ニュース: 経済・IT RSS feed
【松下電器・90年目の決断】(上)「タブーを打ち破れ」 (2/3ページ)
このニュースのトピックス:家電
「うまいことやりましたなあ。うちは去年、創業者が亡くなったからねえ」
この言葉を裏付けるように、谷井の社長時代の元役員は「実はパナ(PANA)に社名変更しようと検討したことがあった。ブランド名に近い社名の方がいいという声が出たためだ」と打ち明ける。
昭和33年、東京通信工業がソニーに、45年には早川電機工業がシャープになるなど、電機業界では社名とブランドの統一で効果を上げる例が増えていた。特にライバル、ソニー(SONY)ブランドの米国における知名度の高さは、松下電器の意欲をそそった。
しかし、議論は立ち消えに終わる。関係者によると「正治さんがうるさかった。

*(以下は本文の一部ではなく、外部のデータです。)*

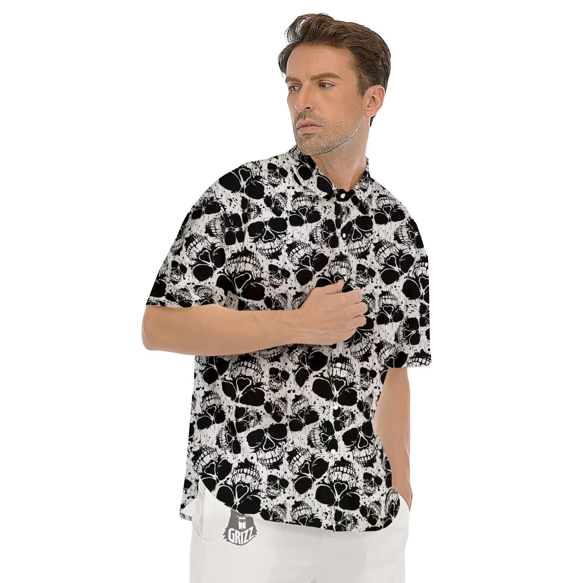 Black And White Skull Grunge Print Pattern Men's Short Sleeve Shirts-grizzshopBlack And White Skull Grunge Print Pattern Men's Short Sleeve Shirts-grizzshop

議論を始められなかった」という。「経営の神様」として、幸之助の神格化に拍車がかかったことも影響した。
□ □ □
変化は、4000億円以上の最終赤字計上を余儀なくされた平成13年度に訪れる。松下電器ほどの企業でも、「安泰ではない」との危機感が広まったからだ。
「創業者の経営理念以外、すべて破壊する」
過去最大の転機に社長だった中村邦夫(現会長)は、こう宣言した。
幸之助が独創した社内組織のひとつに、テレビやビデオなど製品別に設けられた「事業部制」がある。
高度成長時代、事業部同士が競いあって業績拡大の牽引(けんいん)役を果たしたが、バブル崩壊以降、製品やサービスの重複は足かせとなった。グループ内の無駄な競争が、大赤字のきっかけを生んだためだ。